WildBird
- Frequency: Bimonthly
- Total circulation: 79,095 (2011)
- Founded: 1987
- Final issue: 2012^{[citation needed]}
- Company: BowTie Inc.
- Country: United States
- Based in: Irvine, California
- Language: English
- Website: www.wildbirdmagazine.com
- ISSN: 0892-5534

= WildBird =

Defunct birding magazine

WildBird was a bimonthly magazine about birding or birdwatching in North America, Central America and South America. It was published by BowTie Inc.

==History and profile==
WildBird was founded in 1987, as a monthly magazine and changed to every other month in 2000. BowTie Inc. published it from the Irvine, California, office. The Statement of Ownership in the January/February 2010 issue shows a paid circulation of more than 81,000 copies.

WildBird’s slogan was “birding at its best,” and the articles talk about birding at home and away from home. Like one reader wrote,
“This is a magazine for those who enjoy feeding birds, setting up avian habitats in the backyard, watching birds, and identifying birds. We are guilty of all those pursuits, and a magazine such as Wild Bird just feeds our passion.
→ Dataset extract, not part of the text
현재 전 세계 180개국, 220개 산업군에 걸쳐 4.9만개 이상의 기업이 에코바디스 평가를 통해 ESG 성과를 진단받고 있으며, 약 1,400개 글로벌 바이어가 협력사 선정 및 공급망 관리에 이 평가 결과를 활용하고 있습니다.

It's a bimonthly magazine with informative articles embellished by striking bird photography. Its mission is to educate readers with useful details about North American birds and birding. Its ultimate goal is the preservation and well being of North America's avian species.”
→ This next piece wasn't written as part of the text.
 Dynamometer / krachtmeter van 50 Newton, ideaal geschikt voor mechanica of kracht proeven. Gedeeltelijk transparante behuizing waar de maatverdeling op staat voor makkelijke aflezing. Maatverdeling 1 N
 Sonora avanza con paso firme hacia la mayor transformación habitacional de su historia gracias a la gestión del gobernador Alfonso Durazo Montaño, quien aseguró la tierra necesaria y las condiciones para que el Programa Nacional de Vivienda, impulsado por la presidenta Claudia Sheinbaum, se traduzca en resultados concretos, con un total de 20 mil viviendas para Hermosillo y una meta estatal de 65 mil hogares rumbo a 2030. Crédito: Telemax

The magazine usually had four feature articles in every issue, and it had three columnists and other regular writers. In some sections, readers could send photos that might be published, and they can enter contests like the photo contest and the Birder of the Year contest. The photo contest gives away a Canon digital camera, and the Birder of the Year winner gets a Swarovski binocular and a birding trip.
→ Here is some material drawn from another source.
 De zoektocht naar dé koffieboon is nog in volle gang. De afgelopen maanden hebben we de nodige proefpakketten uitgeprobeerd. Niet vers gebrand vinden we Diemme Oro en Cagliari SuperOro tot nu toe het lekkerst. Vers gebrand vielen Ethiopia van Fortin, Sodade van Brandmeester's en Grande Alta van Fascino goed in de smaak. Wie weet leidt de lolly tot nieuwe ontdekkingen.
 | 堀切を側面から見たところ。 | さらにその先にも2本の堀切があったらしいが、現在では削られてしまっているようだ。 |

== Editors and contributors ==
Editors

1987–1992 Bob Carpenter

1992–1998 Paul M. Konrad

1998–1999 John Hollon

1999–2002 June Kikuchi

2002–present Amy K. Hooper

Contributors

High-profile birders regularly contribute articles and photographs. The advisory board includes Pete Dunne, Kenn Kaufman, Arthur Morris and Brian E. Small as well as Shawneen Finnegan, Kevin T. Karlson and Peter Stangel. The magazine has submission guidelines for freelance writers and photographers. The magazine's articles sometimes give tips from the photographers, like the woodpecker setup by Alan Murphy.

==Special issues==
WildBird has special issues every year about hummingbirds and raptors. In 2009, the May/June issue was the 19th hummer issue, and the July/August issue was the 17th birds of prey issue. The September/October issue always shows the winners of the photo contest.

== Related magazines ==
The editors also did a magazine called “Popular Birding Series: Backyard Birding” in 2008 and “Popular Birding Series: Hummingbirds.” They're not subscription magazines and are only in stores or for sale on Animal Network.